Aim of the exercise
Omitting the pictures, print every line below exactly as it stands.

Data in this exercise Start Marker

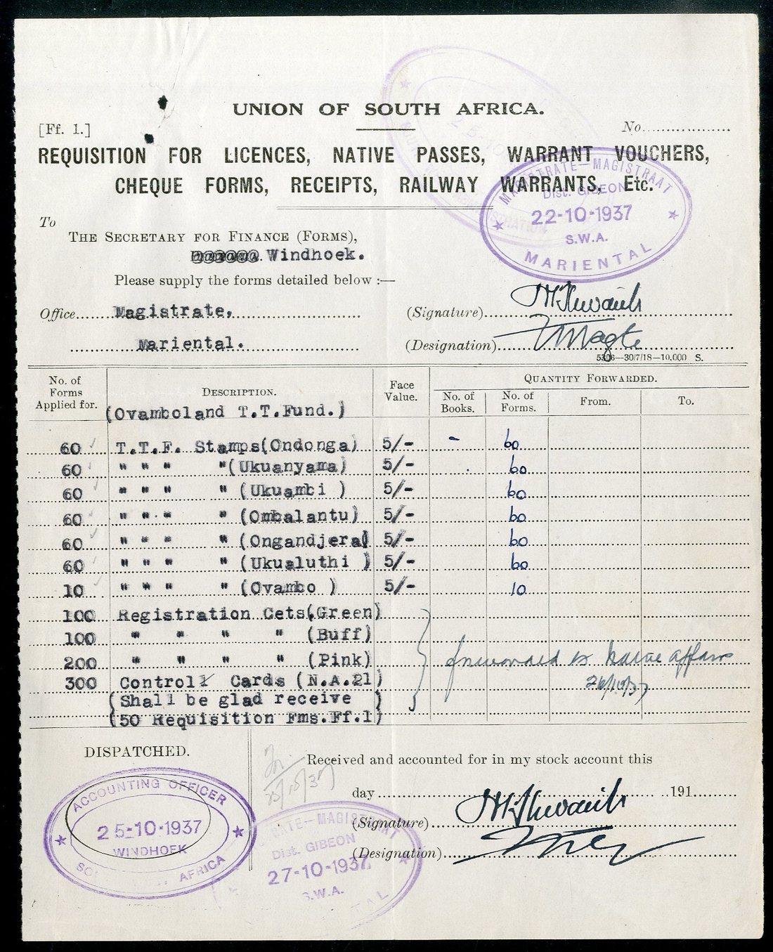 c.1940 collection of documents (12) relating to the administration of Tribal Tax; including unique 1949 Control card and registration certificate on yellow card, both endorsed "Specimen Card" in manuscript, requisition sheets (4) requesting new supplies of the stamps, the earliest dated 1937 requesting 5/- face value overprints for seven different tribes with registration and control cards, later1954 sheets (3), itemised by face value and tribe requesting further printings, finally two "Department of Administration" large sheets "Showing the number of Tribal Trust Fund Stamps received, sold and on hand" for 1944, and 1960, again itemised by tribe and face value. Lastly a letter concerning an order for tin holders for the native registration cards. A wonderful accumulation and a unique archival record of this fascinating issue.
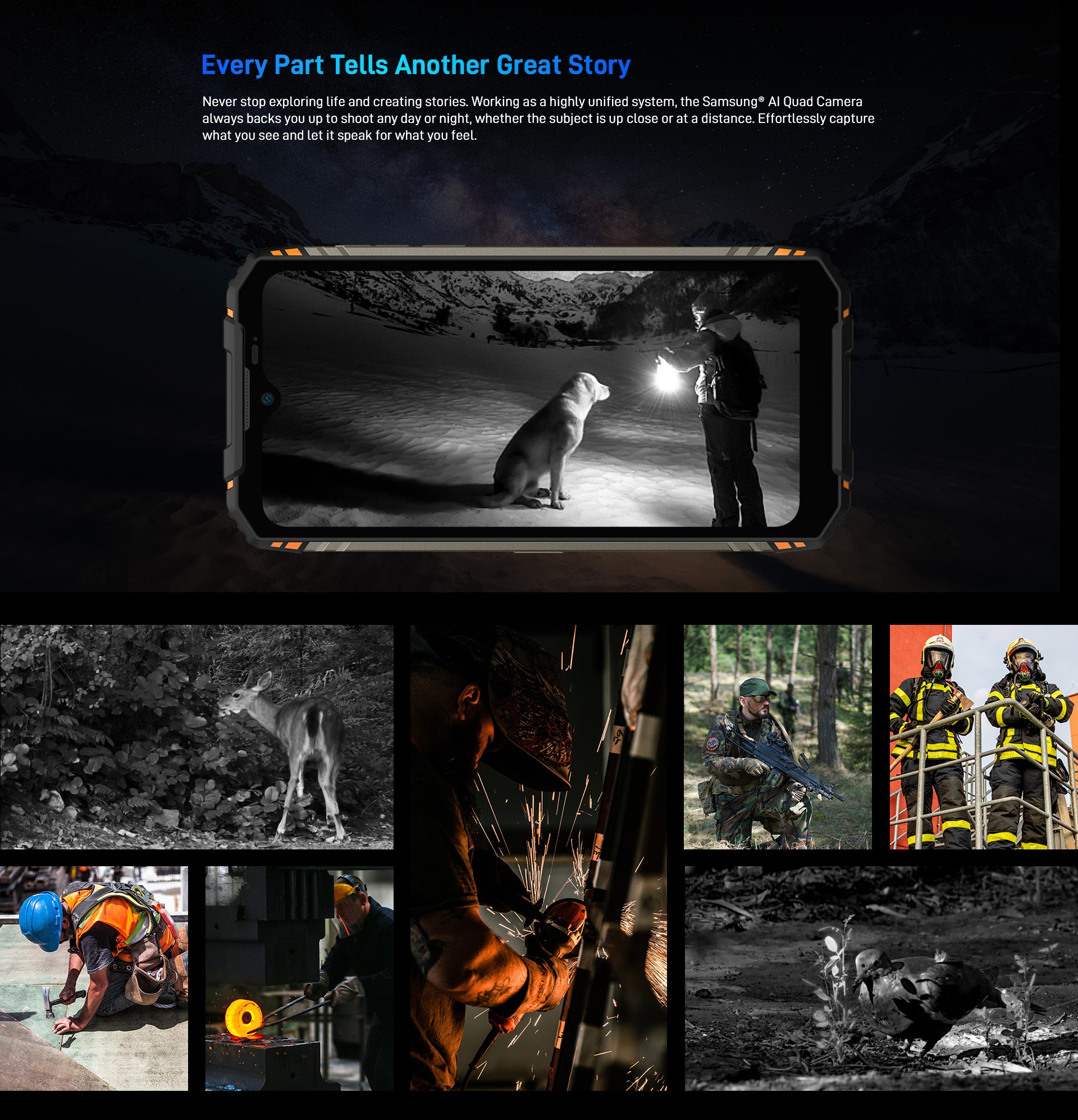 the Samsung® AI Quad Camera always backs you up to shoot any day or night,
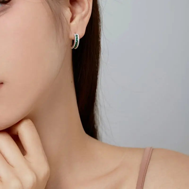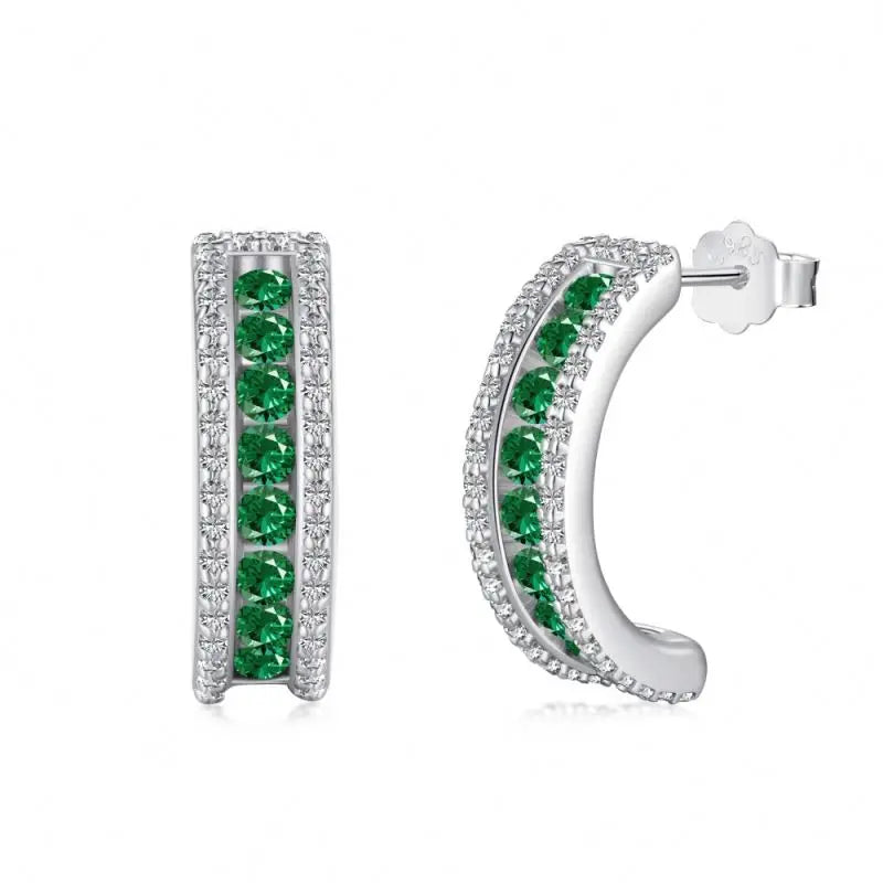 Aetolia S925 Sterling Silver Round Half Hoop Jewelry Female C-Shaped Earring Cz Cubic Zirconia Green Emerald Stud Earrings Women
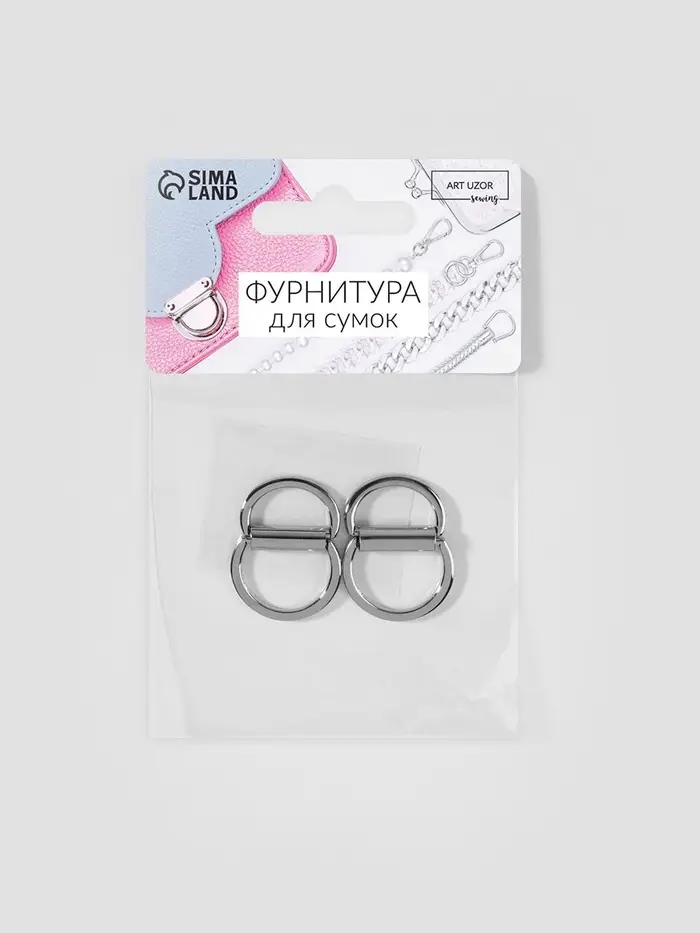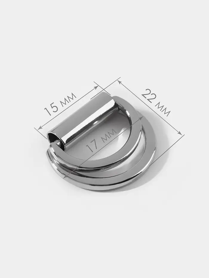 Полукольцо для сумок двойное, d=15 мм, толщина - 1 мм, 2 шт., цвет серебряный
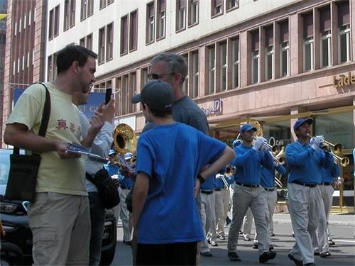 在游行的同时,学员们还在柏林市中心设置了两个真相点。与以往真相点不同的是,这段时间来真相点的人很多都在看游行时读过有关法轮功及中共迫害的传单了。他们有些人希望能在真相点更详尽地了解中共对法轮功的迫害,有些人想知道怎么能开始学炼法轮功,也有很多人特地来真相点向学员问好,并表示支持法轮功学员们和平反迫害的活动。
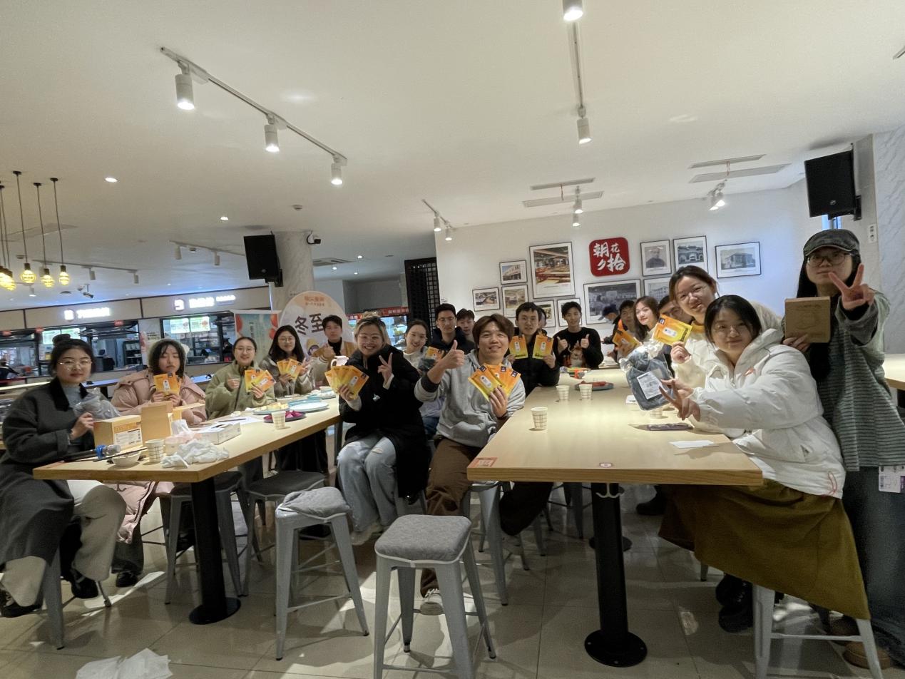 至此本次“‘生’韵饺香,‘环’聚冬至”主题团日活动在温馨欢乐的氛围中圆满结束。本次活动通过组织冬至包饺子这一传统文化活动,不仅让同学们体验了传统的节日习俗,而且还让同学们在包饺子、才艺表演等环节中,加深了对彼此的认识,提升了团支部的凝聚力,让同学们在寒冷的冬天感受到生环大家庭的温暖。

Data in this exercise End Marker

Exercise response
 c.1940 collection of documents (12) relating to the administration of Tribal Tax; including unique 1949 Control card and registration certificate on yellow card, both endorsed "Specimen Card" in manuscript, requisition sheets (4) requesting new supplies of the stamps, the earliest dated 1937 requesting 5/- face value overprints for seven different tribes with registration and control cards, later1954 sheets (3), itemised by face value and tribe requesting further printings, finally two "Department of Administration" large sheets "Showing the number of Tribal Trust Fund Stamps received, sold and on hand" for 1944, and 1960, again itemised by tribe and face value. Lastly a letter concerning an order for tin holders for the native registration cards. A wonderful accumulation and a unique archival record of this fascinating issue.
 the Samsung® AI Quad Camera always backs you up to shoot any day or night,
 Aetolia S925 Sterling Silver Round Half Hoop Jewelry Female C-Shaped Earring Cz Cubic Zirconia Green Emerald Stud Earrings Women
 Полукольцо для сумок двойное, d=15 мм, толщина - 1 мм, 2 шт., цвет серебряный
 在游行的同时,学员们还在柏林市中心设置了两个真相点。与以往真相点不同的是,这段时间来真相点的人很多都在看游行时读过有关法轮功及中共迫害的传单了。他们有些人希望能在真相点更详尽地了解中共对法轮功的迫害,有些人想知道怎么能开始学炼法轮功,也有很多人特地来真相点向学员问好,并表示支持法轮功学员们和平反迫害的活动。
 至此本次“‘生’韵饺香,‘环’聚冬至”主题团日活动在温馨欢乐的氛围中圆满结束。本次活动通过组织冬至包饺子这一传统文化活动,不仅让同学们体验了传统的节日习俗,而且还让同学们在包饺子、才艺表演等环节中,加深了对彼此的认识,提升了团支部的凝聚力,让同学们在寒冷的冬天感受到生环大家庭的温暖。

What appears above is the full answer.